This key from the Chicago, Milwaukee & St. Paul Railroad dates from the 1920s or earlier. Made by Loeffelholz, it would be right at home with a Milwaukee Road collector, filling a spot in the long history of one of America's most famous midwestern railroads before it embarked on an expansion to the Pacific Ocean.
CONDITION is interesting - it does appear to have been used, but shows very few signs. It could be called "almost New Old Stock," likely having been made near the end of service. You can see very light barrel striations mostly on the side with the maker mark. The bit edges and barrel end are not sharp so it would appear to have been used for a short time, hence much of the barrel striation would have been worn off. It displays very well with CM&STPRR stamped in block letters taking up one entire side of the bow.
Color is a very attractive deep gold, with NO metal damage anywhere.

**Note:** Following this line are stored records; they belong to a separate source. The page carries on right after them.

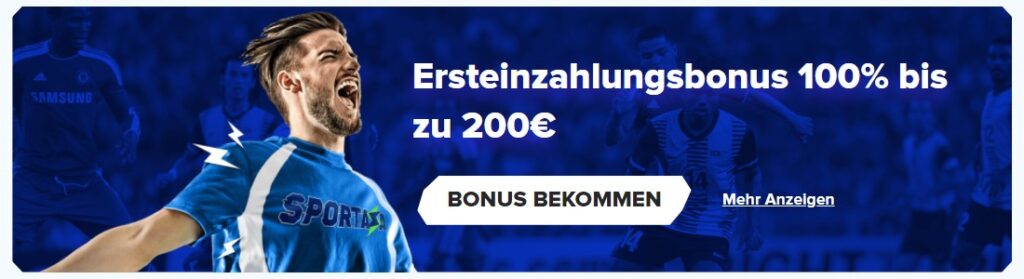 Kunden werden bei Sportaza mit einem 100-%-Eröffnungsbonus belohnt, der mit einer Mindesteinzahlung von 20 Euro verbunden ist und bis zu 200 Euro reichen kann. Zahlungen mit Skrill und NETELLER sind hierbei verboten, woraufhin ein einmaliger Umsatz der Einzahlungssumme ab einer Quote von 1,50 erfolgen muss. Ohne Bonuscode erscheint das Bonusgeld dann auf dem Wettkonto.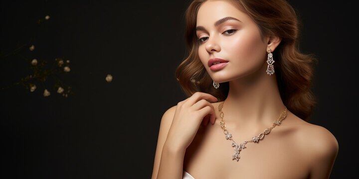 Generative AI : Beautiful girl with set jewelry . Woman in a necklace with a ring,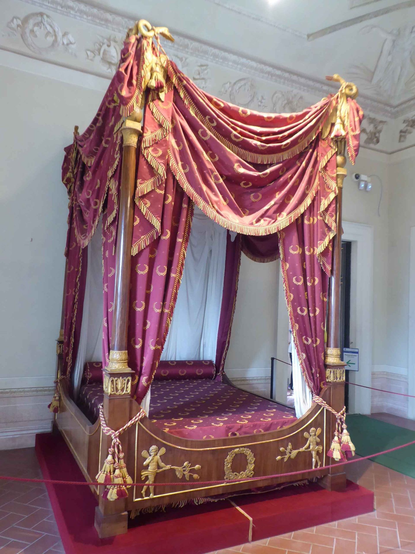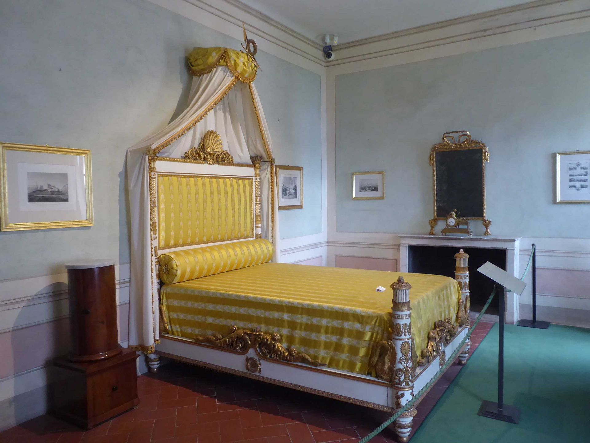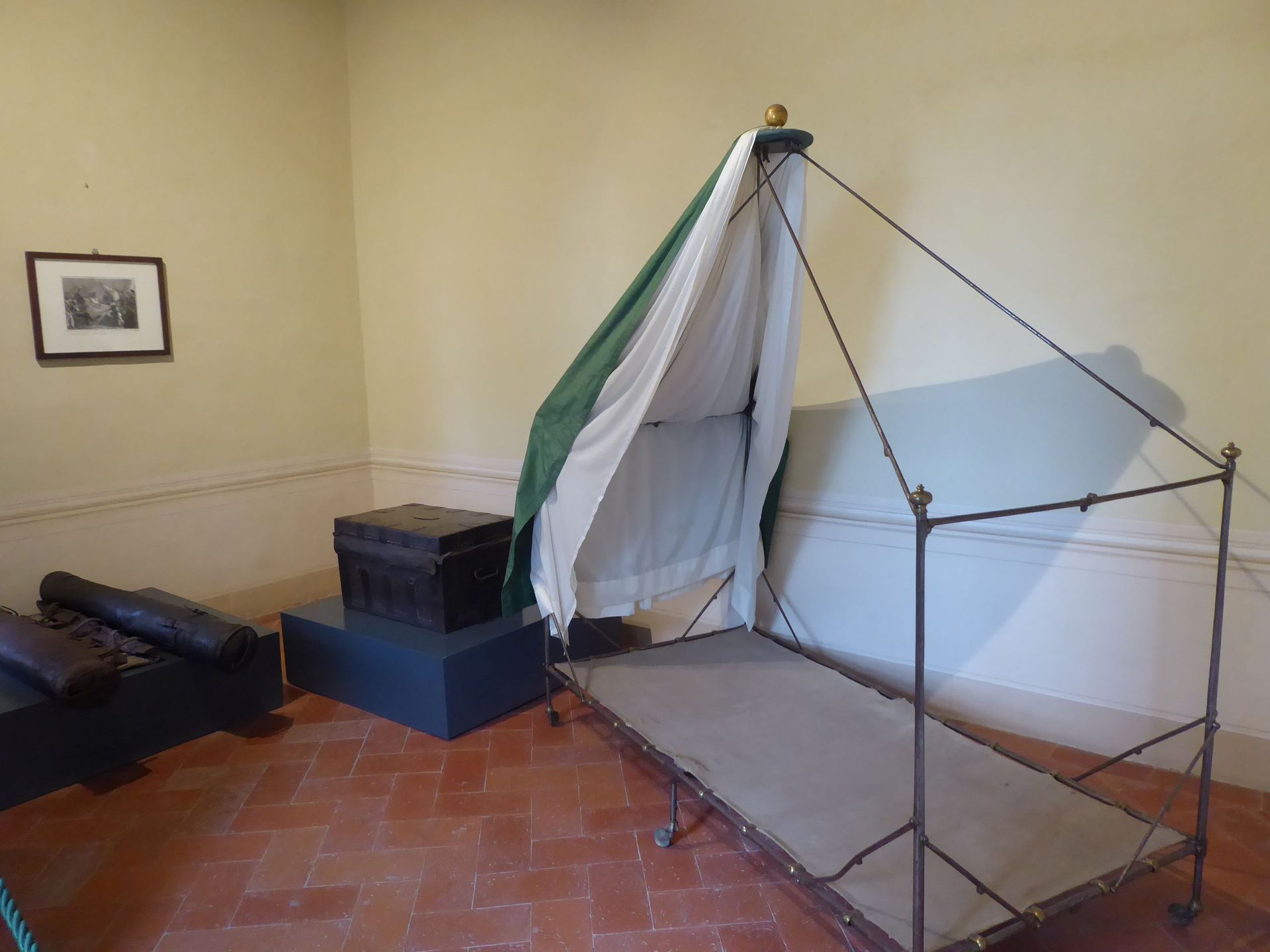 Am nächsten Tag sind wir schon früh unterwegs und fahren zum Weingut Tenuta La Chiusa in Magazzini. Es gibt feinen Wein, den wir in der Trattoria La Scaletta getrunken haben und schöne Sicht auf Portoferraio. Dann stellen wir das Wigwam beim Hafen ab und laufen schnell zur Festung und Villa Mulini hinauf, bald ist Siesta. Hier residierte Napoleon prunkvoller. Im Ballsaal steht ein Prunkbett, das seine Mutter benutzte, wenn sie bei ihm war. Seine Schwester Pauline lebte dort bei ihm und auch die hatte ein tolles Bett. Dagegen nimmt sich sein Feldbett sehr spartanisch aus. Aber er schlief auch nicht viel, besonders in Schlachten gar nicht.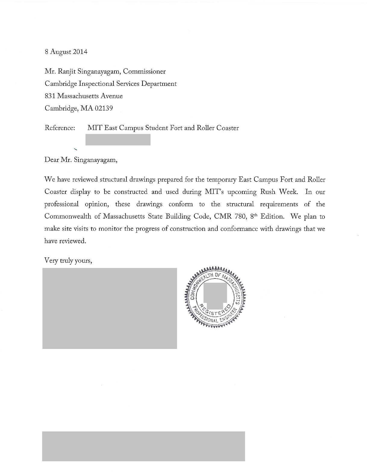 It was worth it though when we got a letter to the Cambridge building commissioner, approving our structure: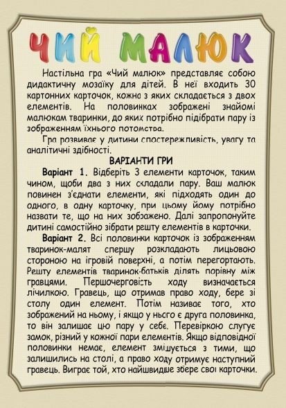 Дитяча розвиваюча гра "Чий малюк". У настільну гру входить 30 картонних карток, кожна з яких складається з двох елементів. На половинах зображені знайомі дітям тварини, до яких потрібно підібрати пару із зображенням їх потомства.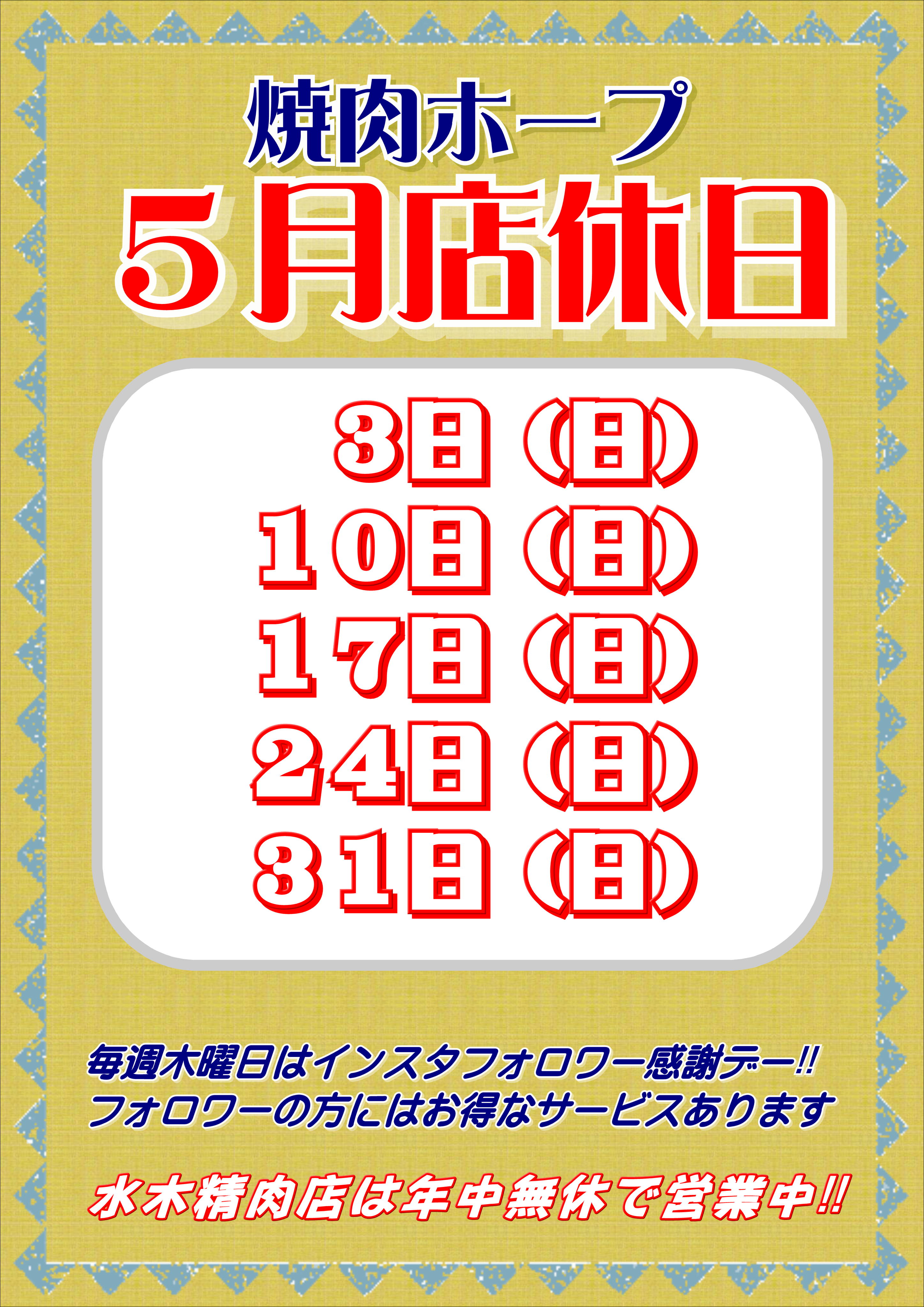5月も、ご家族やご友人、職場のお仲間と美味しいお肉を囲んで、楽しいひとときを焼肉ホープでお過ごしいただけたら幸いです。皆様にお会いできるのを、スタッフ一同、心より楽しみにしております!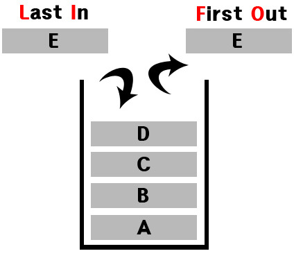 - 이름처럼 데이터를 쌓는 방식(LIFO)으로 데이터를 저장 및 정렬하는 자료구조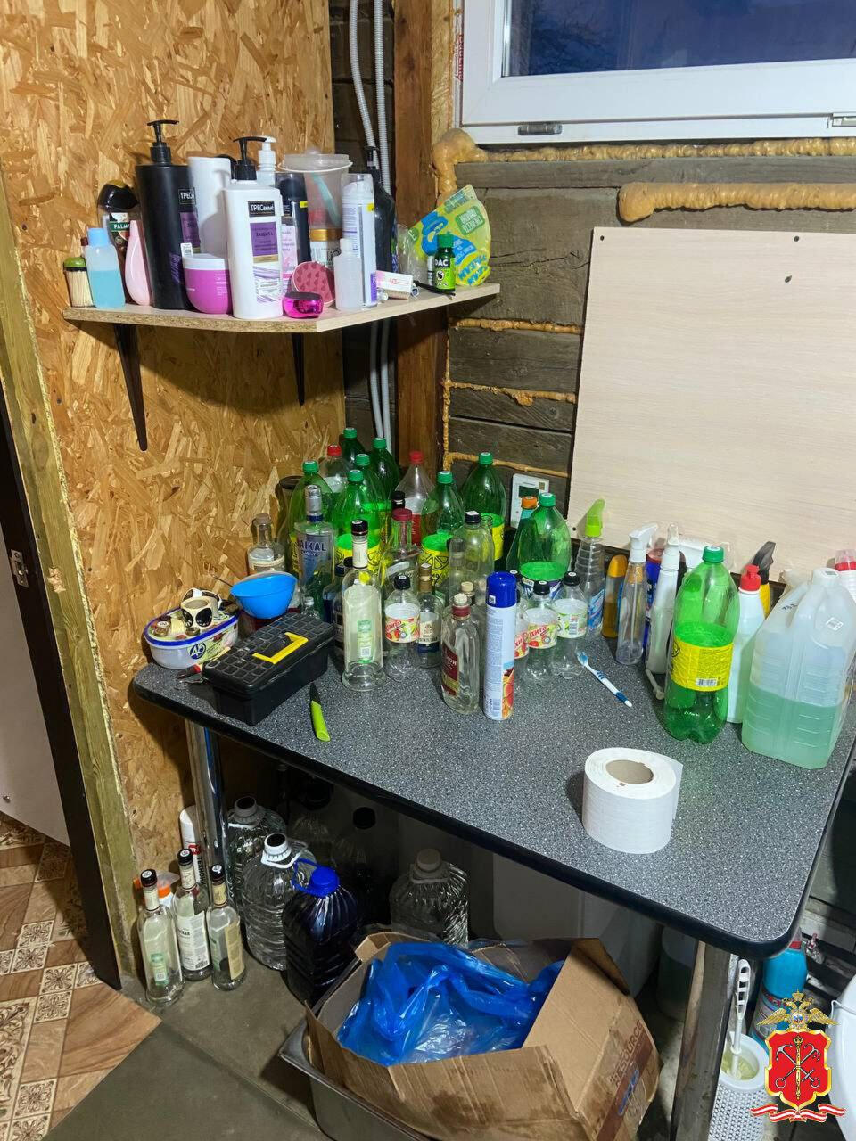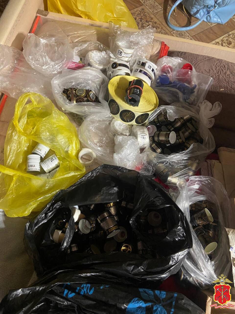 В частном доме злоумышленника, а также хозпостройке на его участке обнаружен и изъят спирт в пластиковых канистрах, спиртосодержащая продукция в пластиковых канистрах и стеклянных бутылках различного объема и брендов, краситель и фурнитура. Общий объем изъятой жидкости составил не менее 393 литров, рассказали в пресс-службе ГУ МВД России по Петербургу и Ленобласти.

BACKGROUND: The CM&StP arose from its earliest beginning in 1847, when the Milwaukee & Waukesha Railroad was incorporated in Wisconsin, with a goal of linking the developing Lake Michigan port city of Milwaukee with the Mississippi River. Not long after a successful incorporation, the M&W changed its name to the Milwaukee & Mississippi Railroad in 1850. It would be driven into receivership by the nationwide financial panic of 1857. Following numerous mergers, takeovers and acquisitions along with successfully obtaining land grants that would be critical to future success, the railroad emerged as the Milwaukee & St. Paul. Thanks in part to input from wealthy investors, in 1874, the name was changed to Chicago, Milwaukee, & St. Paul and success ensued. By 1887, the railroad had lines running through Wisconsin, Minnesota, Iowa, South Dakota, and the Upper Peninsula of Michigan. Its corporate headquarters were moved from Milwaukee to the Rand McNally Building in Chicago, America's first all-steel framed skyscraper, in 1889 and 1890.
Lofty goals would prove the CM&StP's undoing. A planned Pacific Extension, including subsequent electrification, cost the Milwaukee Road $257 million, over four times an original estimate of $60 million. To meet this cost, the Milwaukee sold bonds, which began coming due in the 1920s. Traffic never met projections, and by the early 1920s, the railroad was in serious financial condition, exacerbated by the railroad's purchase of several heavily-indebted railroads in Indiana. The company declared bankruptcy in 1925, ending the CM&StP when it reorganized as the Chicago, Milwaukee, St. Paul & Pacific Railroad in 1928.